Susannah was no stranger to the early Massachusetts judicial system. In 1669, Susannah was formally accused of witchcraft by William Browne. According to court documents she allegedly tormented his wife Elizabeth with her spirit. Shortly after her arrest, the charges were dropped. 



A few years later, she was accused by William Sargent, Jr. of fornication, killing her infant and witchcraft. In response, her husband sued Sargent for two counts of slander against Susannah - one for accusing her of being a witch, and another for claiming one of her sons was a bastard and another was her "imp". Eventually, a Massachusetts high court found Sargent liable and cleared Martin of the witchcraft accusation.

Unfortunately, Susannah’s legal troubles extended beyond witchcraft claims. She was prosecuted for a variety of criminal offenses, including calling one neighbor a liar and a thief. Likewise, when her father, Richard North, died and left a sizeable inheritance to Susannah’s sisters, a granddaughter and his second wife, she sued the estate.

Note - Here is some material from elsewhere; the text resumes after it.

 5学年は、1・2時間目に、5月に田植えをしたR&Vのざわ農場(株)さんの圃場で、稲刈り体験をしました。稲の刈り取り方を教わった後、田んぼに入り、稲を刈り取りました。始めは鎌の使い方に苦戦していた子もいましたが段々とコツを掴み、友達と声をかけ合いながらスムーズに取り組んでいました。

From 1671 to 1674 she was embroiled in a series of legal disputes over the estate, all of which were ultimately unsuccessful.

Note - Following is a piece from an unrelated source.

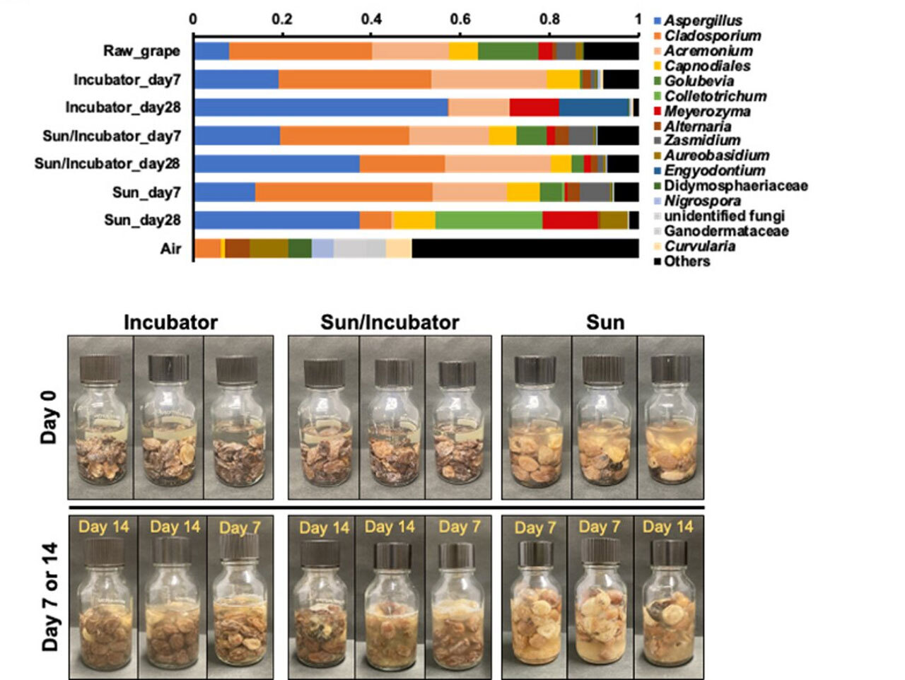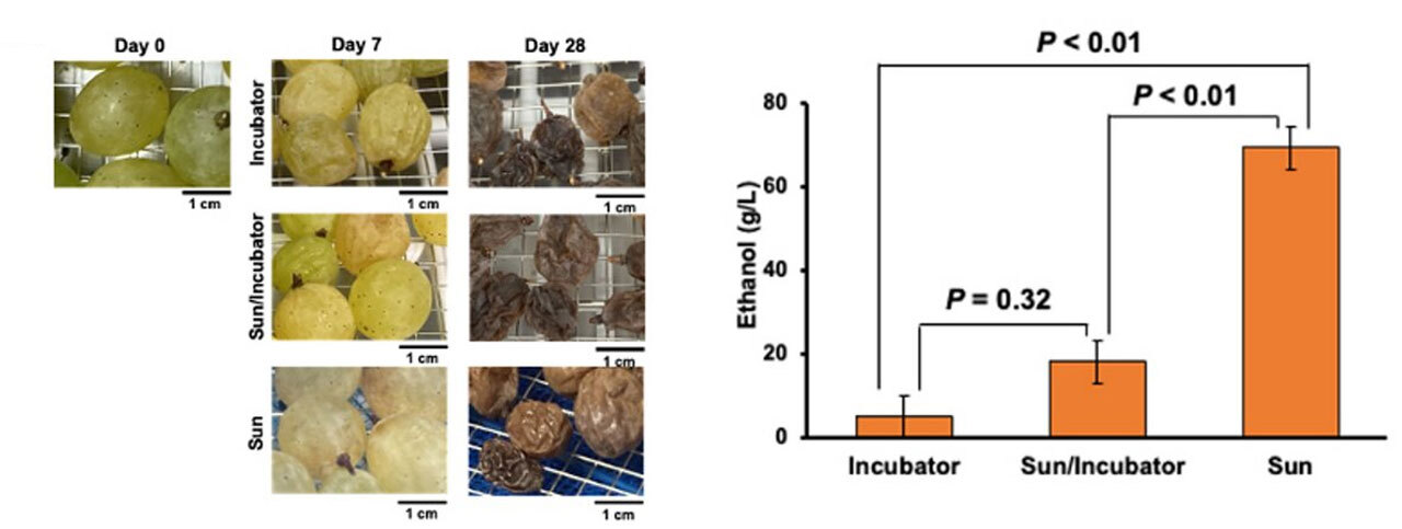 Чтобы проверить эту теорию, команда собрала свежий виноград и высушивала его в течение 28 дней тремя способами: в инкубаторе, на открытом солнце и комбинированным методом (инкубатор + солнце). Затем полученный изюм поместили в воду в бутылках и выдерживали при комнатной температуре две недели, подготовив по три образца для каждого типа сушки.

Susannah was left a poor widow when her husband George died in 1686.

When the witchcraft hysteria erupted in 1692, Martin quickly became a target of wild accusations.  Inhabitants of nearby Salem Village, including Joseph and Jarvis Ring, named Susannah a witch and asserted she had attempted to recruit them into a covenant with the devil. She was also accused by John Allen of Salsbury, a man who claimed that she had bewitched his oxen and drove them into the Merrimack River where they later drowned. 

She was arrested in Amesbury on May 2, 1692 and transported to Salem for judicial examination. Justices John Hathorne and Jonathan Corwin subjected her to intense questioning and twice ordered humiliating physical examination in an effort to find a witch’s teat that prosecutors believed witches used to feed their companions. No such mark was found but the examiner did note that “in the morning her nipples were found to be full as if the milk would come,” but later in the day “her breasts were slack, as if milk had already been given to someone or something.” 

 Martin was quickly incarcerated and ordered held for trial.

The next month when her trial commenced, Martin was denied the right to representation by legal counsel. At least nine and as many as twenty-four neighbors traveled to Salem to testify against her. Among the personal grievances harbored over the years were claims that her specter had stalked a farm hand, she had bitten another man’s hand, she had driven a neighbor mad, and she had been seen at witch meetings. In response Martin simply exclaimed “I have led a most virtuous and holy life.”

The Reverend Cotton Mather assertted that she was “one of the most impudent, scurrilous, wicked Creatures in the World.” 

Nevertheless, Martin refused to allow her accusers intimidate her. Standing in the courtroom, confronted by girls seemingly writhing from "afflictions" they blamed on her, she maintained that she only “desire[d] to lead my self according to the word of God.” Asked what she then made of the afflicted girls, Martin suggested that they might be the ones under the devil's influence, reminding the judges that, “He [the devil] that appeared in the sam[e] shape a glorifyed saint can appear in any ones shape.”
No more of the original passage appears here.